Cela implique un lien étroit entre le Bien commun, lequel
est le sens de la politique, et son Bien qui fait le sens de sa
propre existence. Aristote expliquait que l’humain parce qu’il sujet
d’une parole rationnelle – en grec : logos – est l’« animal
politique » en ce qu’il est le seul à pouvoir déterminer ce qui, pour
la cité, « est utile ou nuisible et, par conséquent aussi, ce qui est
juste ou injuste » (Politique, I). Le penseur grec signifie
ainsi, qu’en tant que sujet du logos, l’individu humain est
d’abord impliqué dans l’orientation de la vie sociale, donc la
définition d’un bien commun (l’« utile » et le
« juste »), pour lequel chacun défendra les valeurs dont son Je
est porteur. C’est ainsi, dans l’approfondissement de sa singularité de
sujet, du fait de sa confrontation à celle d’autrui, pour déterminer un
Bien commun en fonction duquel organiser la vie sociale, que chacun
éclaire le sens qu’il veut donner à sa vie.
* * *
Dans la préoccupation d’être soi-même, il faut remarquer que le « même » n’est pas superfétatoire. Il est en effet justifié par la fréquence des soi trompeurs. Un soi trompeur est un soi qui affirme un sens sans se l’être approprié par l’exercice de sa liberté humaine – exercice qui implique la confrontation à d’autres sujets pensant, le débat, et donc la réflexion.

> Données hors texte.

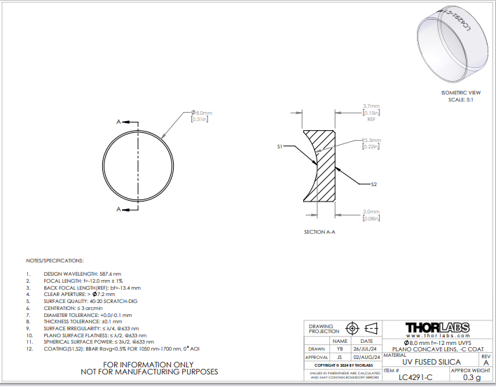 Thorlabs索雷博 LC4291-C 平凹透镜
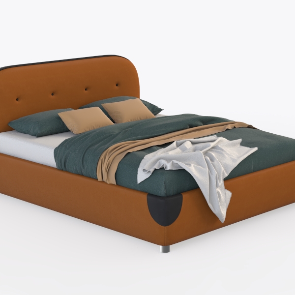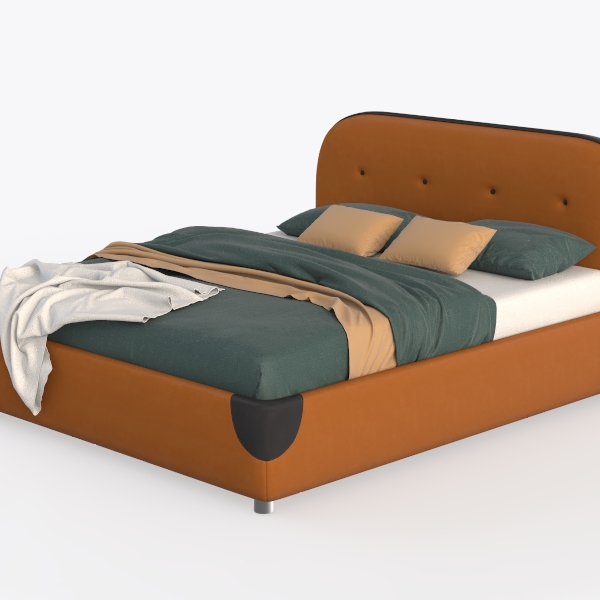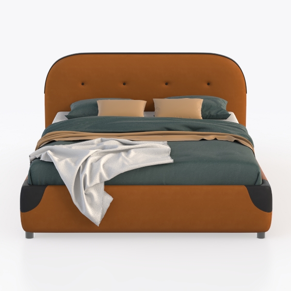 Inspired by mid-century warmth, this bed blends soft terracotta upholstery with a sleek, curved silhouette. The velvety texture of the headboard invites gentle touches, while the cool teal bedspread and textured beige pillows create a balanced visual rhythm. Ideal for modern or minimalist bedrooms, it pairs beautifully with marble nightstands and matte black lighting. Ample bed depth and supportive curved headboard ensure both style and comfort for restful nights.

Cette fréquence des soi trompeurs doit être spécialement soulignée pour notre société mercatocratique, désormais mondialisée. D’une part elle privilégie l’individualisme, ce qui signifie qu’elle privilégie l’investissement de soi, mais comme sujet de liberté au sens le plus large et le moins ambitieux : la liberté de choix. Écoutons Tocqueville, le diagnostiquant dans la mercatocratie montante aux États-Unis, dès 1840 : « Je vois une foule innombrable d'hommes semblables et égaux qui tournent sans repos sur eux-mêmes pour se procurer de petits et vulgaires plaisirs, dont ils emplissent leur âme. Chacun d'eux, retiré à l'écart, est comme étranger à la destinée de tous les autres (…) il n'existe qu'en lui-même et pour lui seul, et, s'il lui reste encore une famille, on peut dire du moins qu'il n'a plus de patrie. » (De la démocratie en Amérique). Et l’organisation sociale afférente est pensée pour drastiquement circonscrire les possibilités de choix – en gros, choisir son couloir de départ de compétition (« Parcoursup »), et ses consommations. Ensuite elle est un pouvoir qui s’exerce en utilisant systématiquement la communication selon le mode de la manipulation réactive.
C’est pourquoi les individus, qui pourtant se vivent comme étant les sujets de leurs comportements (très majoritairement réactifs), s’aperçoivent, finalement, qu’ils ne vivent pas leur vie, et se trouvent confrontés au problème d’« être soi-même ».
La solution de ce problème ne doit surtout pas être cantonnée à un retrait de la vie sociale pour un effort, même accompagné d’un confident ou d’un« psy », pour se retrouver soi-même. Cette solution se trouve en reprenant pied dans le débat politique pour déterminer quelles sont les valeurs en fonction desquelles on doit vivre ensemble.
[i] C’est aussi le sens de l’essai, très riche, de P. Ricœur : Soi-même comme un autre, Seuil, 1990.